--- Assigned task ---
Pictures stay out of the copy. Retype exactly, and only, the lines from the one containing "Khi mọi thứ" through the end of the listing below.

--- Data extract Enclosed Below ---

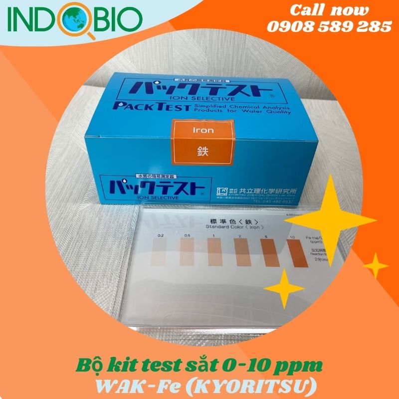 Packtest Kyoritsu Wak-Fe đo độ phèn trong nước đơn giản và nhanh chóng trong khoảng đo 0-10 ppm. Iron test kit wak-fe đóng gói nhỏ gọn với đầy đủ vật tư cho 50 lần tes và rất tiện dùng cho phòng lab cũng như ngoài hiện trường.
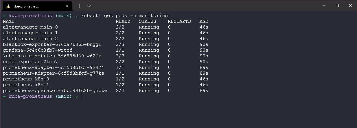 Khi mọi thứ đang chạy, chúng ta có thể kiểm tra tất cả các pods đang ở trạng thái hoạt động và hoạt động tốt bằng cách sử dụng lệnh kubectl get pods -n monitoring.
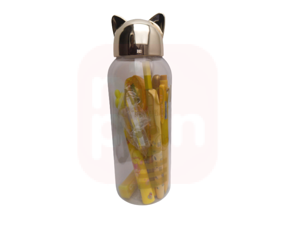 Kit Presenteável Monocromático com Estojo Garrafa Gato plástico tampa na cor dourada

--- End of Enclosed Data extract ---

--- Solution below ---
 Khi mọi thứ đang chạy, chúng ta có thể kiểm tra tất cả các pods đang ở trạng thái hoạt động và hoạt động tốt bằng cách sử dụng lệnh kubectl get pods -n monitoring.
 Kit Presenteável Monocromático com Estojo Garrafa Gato plástico tampa na cor dourada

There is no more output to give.